Although Charles may be new to some, she has held a long spanning relationship with music that goes back to girlhood. She was raised by a Haitian mother in Brooklyn where the sound waves in their home was filled with artists like Johnny Hodges, Frank Sinatra, Chaka Khan, Anita Baker, John Coltrane and Nat King Cole.She attended the famed arts high school, LaGuardia High School for the Performing Arts where she studied flute and vocals. Her early life was full of stage performances; as a kid she participated in musical theater, pageants and talent shows in New York City. Eventually, she landed at the School of Jazz and Contemporary Music at The New School for college where she met artists like singer, songwriter, and record producer Jesse Boykins III and alto saxophonist Lakecia Benjamin. Perhaps better known as a singer, Charles has earned her title as a bonafide flautist. Her playing adds vibrant swaths of color and emotional texture to her music.
The album opens with a breathtaking rendition of Billie Holiday’s “God Bless the Child.” This song, and the album overall, flexes Charles’ impressive arrangement skills. The song features a powerful group of musicians—Benjamin Julia on electric guitar, Dezron Douglas on upright bass, Anwar Marshall on drums, Shedrick Mitchell on organ, and Tayzaro on cello. On flute and vocals, Charles floats above the soulful current of the band, singing the song over a dramatic blanket of electronic sound. The lyrics ring with equal power as the music. When Charles sings the lines “Yes, the strong get more/ While the weak one’s fade,” the connection to Black women’s struggle is palpable. “My experience moving in the world as a Black girl has always been, I have to be strong. I have to keep it together; I have to sort of live up to the standard,” says Charles.
At its core, Y’all Don’t (Really) Care About Black Women is a clarion call for a more intersectional vision of the world in which Black women can live more freely and express their full humanity. The interlude “Pay Black Women” offers the most explicit instruction on some of the ways that care can be expressed. It contains a sample from a film project produced by Charles in 2021 entitled Love Letter to Black Jazz Girls. Through the voices of three Black women, the track draws attention to the racial gender wage gap but also to the treatment of Black women artistic producers more broadly.
“Go Away Little Boy” is an inventive interpretation of a tune that was originally recorded by soul singer, Marlena Shaw in the late1960s.
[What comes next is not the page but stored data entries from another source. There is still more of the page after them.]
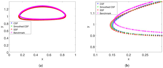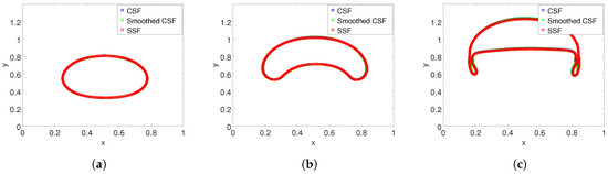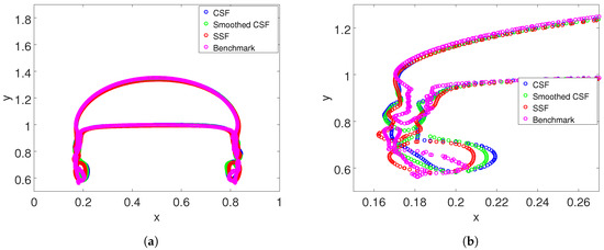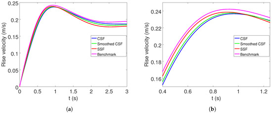 The other test case, TC2, corresponds to a case where the surface tension effects are lower [55]. This results in larger deformation of interface as the bubble evolves (see Figure 4) and eventually forms a skirted bubble that has thin filaments that breaks down into smaller droplets (see Figure 5). Comparing the surface tension models to the benchmark for final bubble shape shows that the models agree quite well (see Figure 5) but there is a difference between the models with respect to the prediction of the skirted part of the bubble (see Figure 5b). Figure 6 shows that the surface tension models in comparison to the benchmark data under-predicts the rise velocity. Comparing with the benchmark, the SSF model provides the closest agreement for (absolute error is nearly 3.5% [54] and less than 0.1% for [55]) and (absolute error is nearly 3–3.5% for both [54,55]) (see Table 7). On the other hand, CSF model agrees with the benchmarking data for (absolute error is nearly 5.7% [54] and 0% for [55]) and (absolute error is nearly 0.6% for both [54,55]) (see Table 7).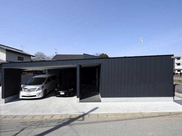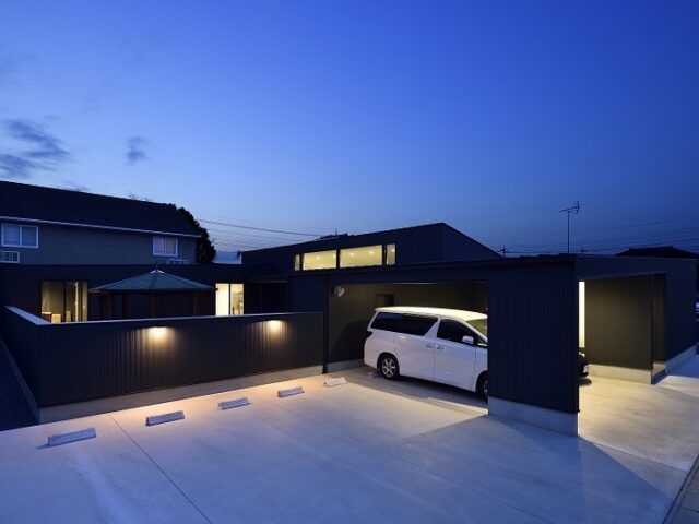 170坪の敷地に、大きな中庭を囲むカーポート付きの平屋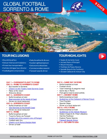 DAY 1 > OVERNIGHT FLIGHT TO ROME DAY 6 > GAME DAY IN ROME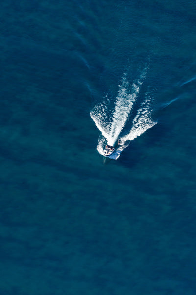 With the sun shining overhead, cruise along royal blue waters in BOAT DAY, LAKE TAHOE, from Gray’s popular À la Plage series.

Charles transforms the whimsy of the Shaw’s version into a slow and sensuous 90s R&B groove. The song touches on some of the more intimate dimensions of Black womanhood—romantic longing, desire, and difficult love. Likewise, in “Perdido” Charles sings about lost love with Dinah Washington’s voice deftly sampled throughout. Washington’s voice trails through the tune as Charles leads us through a bright, beat-clapping twist on the jazz standard.
In this fresh compilation, Charles leaves listeners with a powerful statement on what solidarity with Black women can look like. It includes not only care and attention to the everyday struggles that animate Black women’s lives but also to the beauty and joy as well. The album closes with her interpretation of “Beginning to See the Light” originally sung by Ella Fitzgerald. In this final provocation, Charles transforms Fitzgerald’s laid back swing into a hip-popping jaunt. “I just see people twerking to [it],” says Charles.